Vermeille · 2017-03-31T13:06:27Z

The DNS call is always performed because somehow, singletons.dao.upstreams:find_all() returns an empty table. That makes upstream_id always nil here . So, get_balancer() returns false . balancer is false and falls down to toip.

Continuing my investigations. I'm trying to understand how upstreams_dict is meant to work.

Vermeille · 2017-03-31T14:32:24Z

Okaaaaaaaaaaaaay. singletons.dao.upstreams:find_all() checks a new /upstreams endpoint that was not mentioned in the UPGRADE.md document and that somehow require special attention. Migration did not apparently do The Expected Thing, which is, if my understanding is correct, migrate upstream_url for APIs to that table.

Should we write a migration procedure?
Is my understanding totally wrong?
Or should the code handle the "base/simple" case (nothing specified in /upstreams)?

I'll gladly help, but need your guidance to fully understand what /upstreams is all about

Tieske · 2017-03-31T14:38:00Z

The DNS call is always performed because somehow, singletons.dao.upstreams:find_all() returns an empty table.
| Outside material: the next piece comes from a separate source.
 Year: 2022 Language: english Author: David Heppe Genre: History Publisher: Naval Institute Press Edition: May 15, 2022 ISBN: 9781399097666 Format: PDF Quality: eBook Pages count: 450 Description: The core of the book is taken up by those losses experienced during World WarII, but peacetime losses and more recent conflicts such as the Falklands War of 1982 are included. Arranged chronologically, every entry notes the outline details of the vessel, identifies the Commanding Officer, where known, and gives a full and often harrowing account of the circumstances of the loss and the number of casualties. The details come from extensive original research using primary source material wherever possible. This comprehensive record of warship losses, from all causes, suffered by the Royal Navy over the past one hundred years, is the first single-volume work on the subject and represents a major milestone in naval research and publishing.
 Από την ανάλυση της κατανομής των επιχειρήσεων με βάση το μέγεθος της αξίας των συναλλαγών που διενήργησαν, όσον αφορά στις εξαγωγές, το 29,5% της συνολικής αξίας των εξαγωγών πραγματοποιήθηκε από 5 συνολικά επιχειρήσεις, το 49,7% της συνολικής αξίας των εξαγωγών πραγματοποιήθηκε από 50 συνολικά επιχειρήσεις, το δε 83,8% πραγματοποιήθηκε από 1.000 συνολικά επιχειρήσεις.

That makes upstream_id always nil here . So, get_balancer() returns false . balancer is false and falls down to toip.

This is completely logical, it should as it tests whether the hostname refers to an upstream entity. If it doesn't then there is no ring-balancer, and hence it must invoke the dns resolver. Which results in the toip call.
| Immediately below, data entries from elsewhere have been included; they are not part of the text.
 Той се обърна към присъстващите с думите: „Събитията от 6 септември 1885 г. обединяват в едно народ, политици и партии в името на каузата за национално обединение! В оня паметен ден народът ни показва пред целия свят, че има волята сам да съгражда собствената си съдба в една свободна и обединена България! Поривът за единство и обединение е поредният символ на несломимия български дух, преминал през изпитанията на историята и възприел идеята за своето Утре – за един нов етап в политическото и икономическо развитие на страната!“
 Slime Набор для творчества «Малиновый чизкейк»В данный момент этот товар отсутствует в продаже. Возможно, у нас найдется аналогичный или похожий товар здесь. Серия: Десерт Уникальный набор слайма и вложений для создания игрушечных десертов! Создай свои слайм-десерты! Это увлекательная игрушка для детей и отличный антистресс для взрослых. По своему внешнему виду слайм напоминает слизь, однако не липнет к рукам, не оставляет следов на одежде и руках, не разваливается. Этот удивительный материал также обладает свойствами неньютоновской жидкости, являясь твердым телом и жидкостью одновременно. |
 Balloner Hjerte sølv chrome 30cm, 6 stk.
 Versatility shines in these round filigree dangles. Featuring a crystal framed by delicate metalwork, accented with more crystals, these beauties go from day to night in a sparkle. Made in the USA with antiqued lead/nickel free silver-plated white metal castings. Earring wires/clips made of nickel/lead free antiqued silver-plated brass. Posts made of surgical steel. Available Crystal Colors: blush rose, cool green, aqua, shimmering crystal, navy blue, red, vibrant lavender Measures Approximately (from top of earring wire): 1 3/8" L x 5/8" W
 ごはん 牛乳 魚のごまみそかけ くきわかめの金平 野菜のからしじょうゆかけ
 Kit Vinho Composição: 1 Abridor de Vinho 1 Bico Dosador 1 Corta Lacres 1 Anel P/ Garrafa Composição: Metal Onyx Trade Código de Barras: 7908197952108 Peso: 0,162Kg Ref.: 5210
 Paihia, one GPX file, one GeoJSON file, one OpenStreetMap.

Tieske · 2017-03-31T14:41:40Z

Okaaaaaaaaaaaaay. singletons.dao.upstreams:find_all() checks a new /upstreams endpoint that was not mentioned in the UPGRADE.md document and that somehow require special attention. Migration did not apparently do The Expected Thing, which is, if my understanding is correct, migrate upstream_url for APIs to that table.

No upstreams is a completely different mechanism to do loadbalancing

Should we write a migration procedure?

No

Is my understanding totally wrong?

Yes 😄

Or should the code handle the "base/simple" case (nothing specified in /upstreams)?

yes. The upstream name is used as a virtual host name, see my previous comment. So it first checks whether a ring-balancer for that upstream is available, if not, it will fall through to regular dns resolution.

I'll gladly help, but need your guidance to fully understand what /upstreams is all about

see https://getkong.org/docs/0.10.x/loadbalancing/

Vermeille · 2017-03-31T15:12:01Z

This is completely logical, it should as it tests whether the hostname refers to an upstream entity. If it doesn't then there is no ring-balancer, and hence it must invoke the dns resolver. Which results in the toip call.

Okay, I think I got the general idea. However it seems the IP isn't cached, considering how long name resolution takes. Why so? Why Is it a good default behavior?

My question essentially is: how do I stop spending that much time in DNS resolution and go back to my 0.9.9 awesome perfs?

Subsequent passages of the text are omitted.